He stood out a mile did Vlado Krystovski. He was one of two hundred or so people at a conference in Brussels all about reducing social isolation for disabled people. As the Eurostar pulled in, I knew an interesting time awaited me an event that included Beyond Welfare of Iowa, the Finnish Association for Disabilities and the Bulgarian Stammerers Association.
At lunch, I met Vlado, a young social entrepreneur from Macedonia. After running refugee camps in the Balkan civil war he studied social work. Today, his organisation – Poraka – or MESSAGE in English – helps young disabled people and their families plan for the future. Vlado is working with big numbers with little money, a dodgy government and a society that kept disabled people banged up till a few years ago. Yet here he was: eager, keen to share and learn. Not bitter. No sense of entitlement. In sharp contrast in fact to the po-faced miserabIists I frequently encounter in the UK third sector (and, now and again, in my own organisation).
This event was interesting for me personally as it brought disability-inclusion and social enterprise together. This is only just starting in the UK, where people like me are a bit of an oddity next to the recycling businesses, eateries and employment specialists. By contrast, in Eastern and Southern Europe, everyone in the disability rights sector is a social entrepreneur. They have to be. If they don’t act entrepreneurially, they can’t survive.
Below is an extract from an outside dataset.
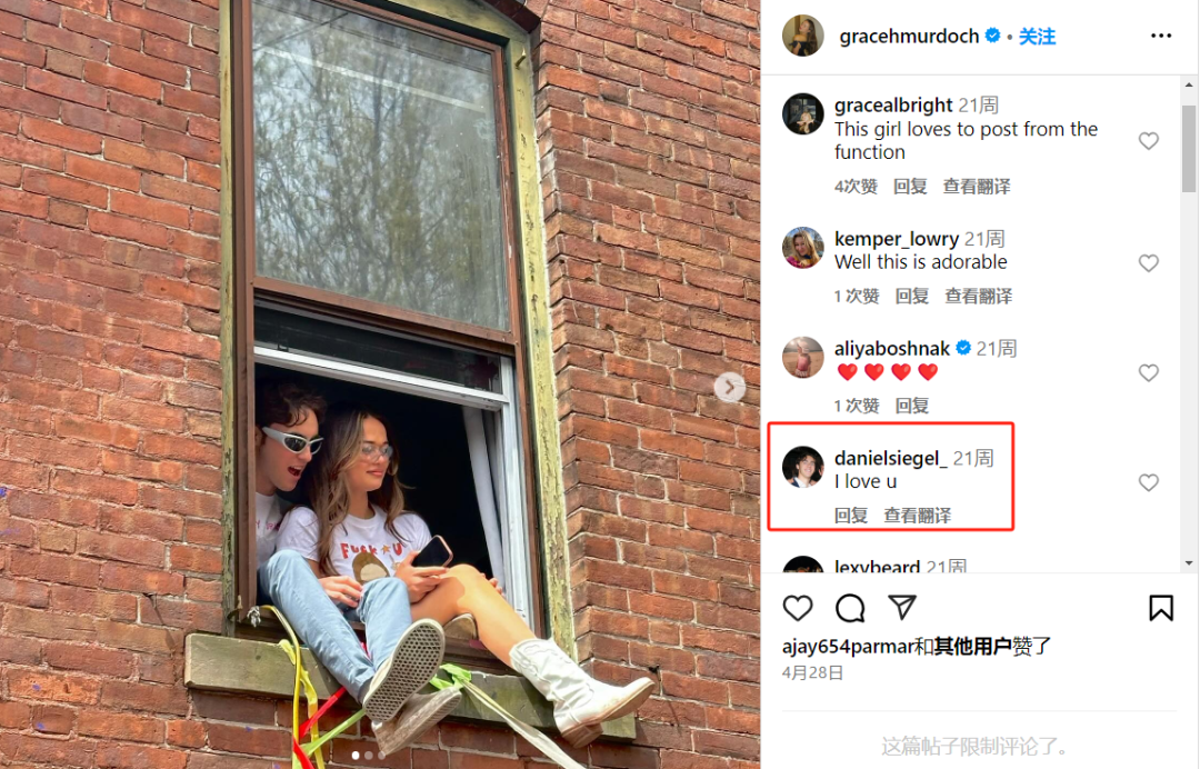 最近又换了新男友,这位boy名叫Daniel Siegel,同样是耶鲁的校友,两人大大方方互动表白。

One effect of not being spoon-fed by the state is that people get creative. Some of the work Vlado is doing is streets ahead of many UK organisations I know with big grants and well-paid staff. What the guy lacks in money he makes up for in his openness to learning, his amazing networks and his ability to inspire support locally and globally.
Which brings me onto sustainability. In this country, we think of sustainability mainly in financial terms. Vlado’s story shows us that sustainability is principally about resilience. Which you build by being entrepreneurial, clear on your values and close to your supporters. Indeed, UK social enterprises at risk often lack Poraka’s type of resilience as much as they lack hard cash.
So the next time you’re facing a `crisis’, don’t just look at the figures. Think resilience. And ask yourself what Vlado would do…
1 comment:
You are obviously an liberatarian.
It's your beloved Free Market that leaves Big Business to discard experienced employees at 55 (top slicing is the term) and not employ disabled human beings because they don't fit the platonic YOUNG ideal.
Social Entreprises are just a means to mop up the detrius of society and give them some kind of low-status no social mobility just to appease the governments conscience and relieve the treasury of it's hated social obligations. The Bank Bail out and companies reveal that professed free marketeers are quite able to sacrifice doctrine in exchange for kenseyian economics. Social enterprise also appears to be bureacratic, YOUNG which bypasses ageism in work place, and dynamic (further youf references).
I wonder how far social enterprises truly advance the dreams and aspirations and talents of the the most drug-damaged marginalised and broken of society who are marginalised in all key life chance advancing institutions from HE to Big Business from Third Sector professionalized charities to state bureacracies.
I suspect it is just a large scale policy instrument rather than a liberator of people which would make it most satisfying for both parties and make political sense.